Just when Mrs. Turpin is being grateful for the way things are, Mary Grace hurls the book she has been reading at her, striking her ``directly over her left eye.''
As in other stories, in the midst of explosive violence, O'Connor fixes the moment of truth. As the doctor stands over Mary Grace with a hypodermic needle, ``Mrs. Turpin's head cleared and her power of motion returned. She leaned forward until she was looking directly into the fierce brilliant eyes. There was no doubt in her mind that the girl did know her, knew her in some intense and personal way, beyond time and place and condition. ''
This is ``late'' O'Connor (she corrected the proofs in 1964, the year she died), and she doesn't leave it there. Mrs. Turpin returns home and, unable to sleep, goes out to the pigpen to curse Jesus. But she sees a vision of the procession of humanity marching up to glory. First white trash, then blacks, then freaks and lunatics ``shouting and clapping and leaping like frogs,'' with the bourgeois bringing up the rear.
Mrs. Turpin does not flinch. In her vision, she could see ``by their shocked and altered faces that even their virtues were being burned away.'' The end of ``Revelation'' does not seem tacked on but inevitable, not moralistic but revelatory of character and truth. Mrs. Turpin has tragic weight.
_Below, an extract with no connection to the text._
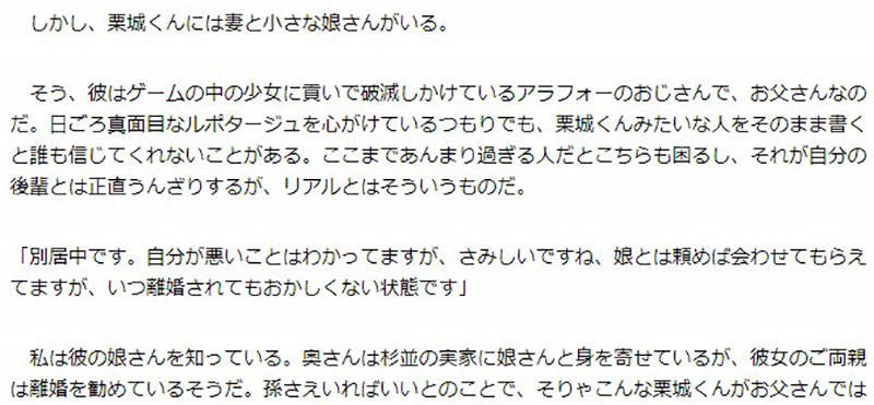 “栗城以前就曾经玩柏青嫂玩到破产,当时他的公司有负责写柏青嫂的介绍,栗城碰巧被派去这个职务,结果自己深陷其中……”

And she is redeemed. She recognizes the personal meaning of the phrase ``and the first shall be last.'' She no longer believes her own to be the best of all possible worlds. She knows better now.
Referring to some of her most famous plots, O'Connor wrote that ``I am always having it pointed out to me that life in Georgia is not at all the way I picture it, that escaped criminals do not roam the roads exterminating families, nor Bible salesmen prowl about looking for girls with wooden legs.''
It's these plots, not what is done with them, that provoked a woman from California to write O'Connor complaining that her stories lack ``uplift.'' On the contrary, O'Connor's stories don't underestimate the cost of salvation. If, like many other modern fiction writers, she forces us to experience what she tells about, unlike many, O'Connor includes the experience of what she called grace.
Thomas D'Evelyn is the Monitor's book editor.